However, different regulators must be used to couple different circuit components. For example, when using a switching regulator, a passive component (such as an inductor) must be added. If a passive component is not added to the circuit of the switching regulator, or the passive component fails due to factors such as dust, moisture, etc., a short circuit will occur, causing the output terminal to directly present the square wave signal modulated by the switching circuit. Not only can it not be used in the back-end circuit, it can even hurt the back-end circuit components. For example, when using a low-dropout linear regulator, in order to ensure the voltage quality, there is no need to add a passive component to connect directly, but if a passive component is added, the low-dropout linear regulator Will not work efficiently.

In view of this, how to provide a more convenient passive component detection technology to ensure that various electronic circuits (such as voltage regulators) can operate normally is an urgent need of the industry.

In order to solve the foregoing problems, the present invention provides a modulation and determination device, a modulation determination method, and a power supply circuit of a power supply circuit.

The modulation determining device of the power supply circuit provided by the present invention is coupled to a circuit to be tested and includes a driving circuit and a comparison circuit. The circuit under test has a first end point and a second end point, and the driving circuit provides a pulse signal to the first end point. The comparison circuit is coupled to the first terminal to obtain a first measured value, and calculates a difference between the first measured value and a second measured value, and the difference is compared with a threshold value Compare and output a comparison result. The comparison result indicates whether the circuit to be tested has a passive component for determining whether the power supply circuit is modulated in a first modulation mode or a second modulation mode to supply an output power.

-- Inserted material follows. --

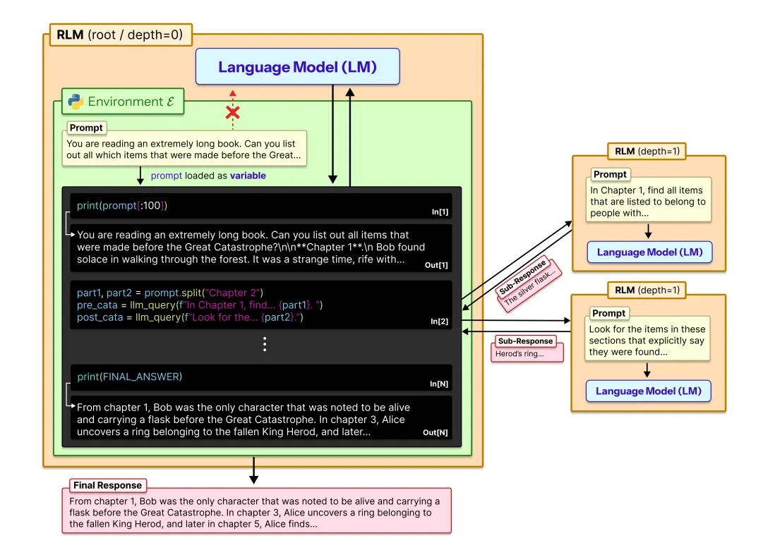 Think of it like this: instead of asking a model to read and memorize a 500-page book before answering a question, you give it the question and let it interactively explore the book, peeking at sections, searching for keywords, and asking sub-questions to itself about specific passages.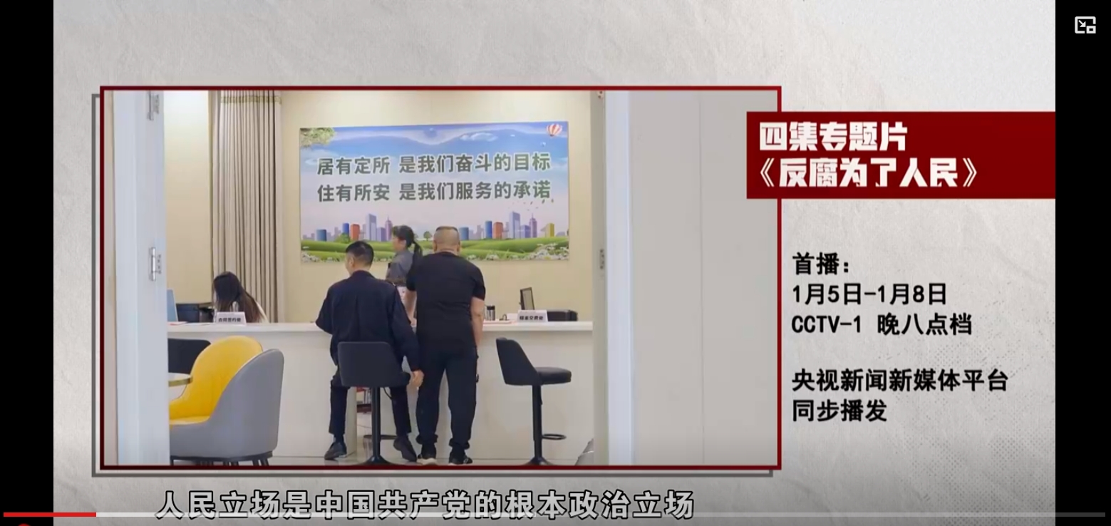 由中央紀委國家監(jiān)委宣傳部與中央廣播電視總臺聯(lián)合攝制的四集電視專題片《反腐 為了人民》,將于1月5日至8日在中央廣播電視總臺央視綜合頻道晚8點檔播出。

The method for determining the modulation of the power supply circuit provided by the present invention comprises the steps of: (a) providing a pulse signal to one end of a circuit to be tested, and (b) detecting the end point to obtain a first power measurement value, ( c) obtaining a second measured value, (d) calculating a difference between the first measured value and the second measured value, and (e) comparing the difference with a threshold to generate a a comparison result, the comparison result indicates whether the circuit to be tested includes a passive component, and (f) modulating the power supply circuit in a first modulation mode or a second modulation mode according to the comparison result to supply an output power source .

The power supply circuit provided by the invention comprises a pin, a driving circuit, a comparing circuit, a switching regulator circuit, a low dropout linear regulator circuit and a selection circuit. The pin is coupled to a circuit to be tested. The driving circuit is coupled to the pin and configured to provide a pulse signal to the circuit to be tested. The comparison circuit is coupled to the first pin to obtain a first power measurement value, and generates a comparison result according to the difference between the first power measurement value and a second power measurement value. The selection circuit determines to supply the output power by the switching regulator circuit or the low-dropout linear regulator circuit according to the comparison result.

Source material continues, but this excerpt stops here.